(Exercise prompt):
Pictures in the listing below are skipped, while the lines from the "2Pcs Cat Collar" line through the "左側のフォメコンをタップする" line are returned word for word.

(Data in this exercise):
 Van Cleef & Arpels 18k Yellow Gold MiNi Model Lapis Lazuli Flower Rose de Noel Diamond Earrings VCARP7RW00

==

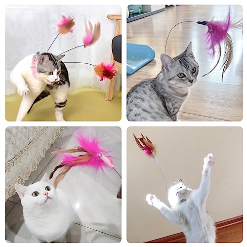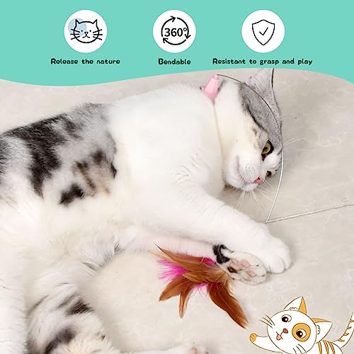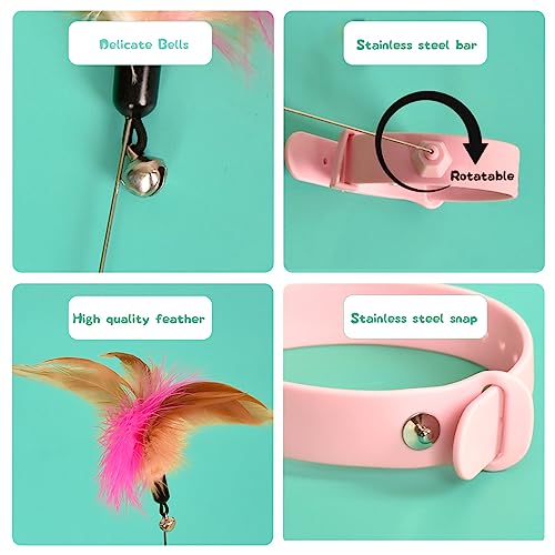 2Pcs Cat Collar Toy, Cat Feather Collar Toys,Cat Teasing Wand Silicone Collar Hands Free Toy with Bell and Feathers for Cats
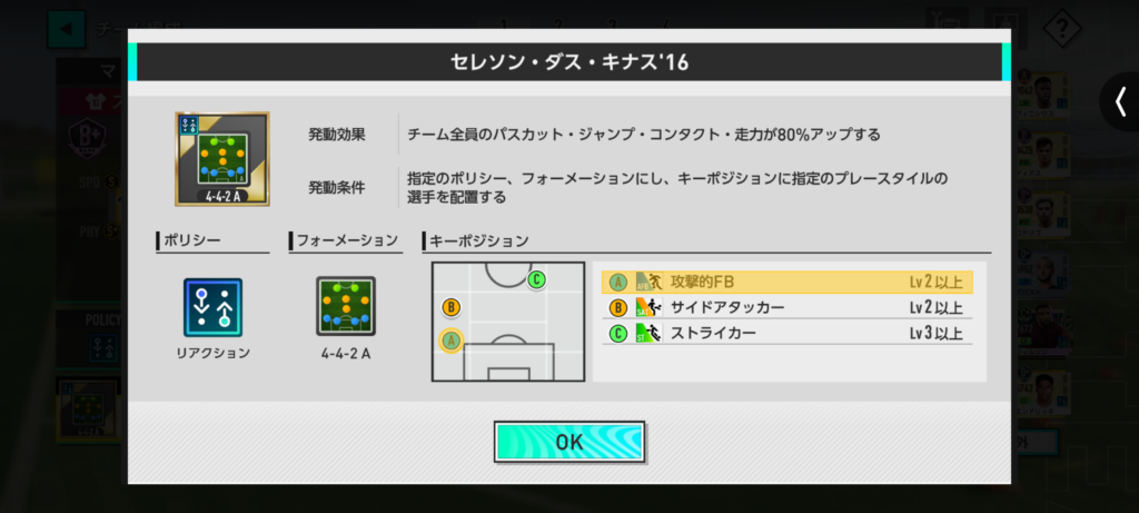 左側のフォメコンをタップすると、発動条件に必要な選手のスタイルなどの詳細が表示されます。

(Solved problem):
 2Pcs Cat Collar Toy, Cat Feather Collar Toys,Cat Teasing Wand Silicone Collar Hands Free Toy with Bell and Feathers for Cats
 左側のフォメコンをタップすると、発動条件に必要な選手のスタイルなどの詳細が表示されます。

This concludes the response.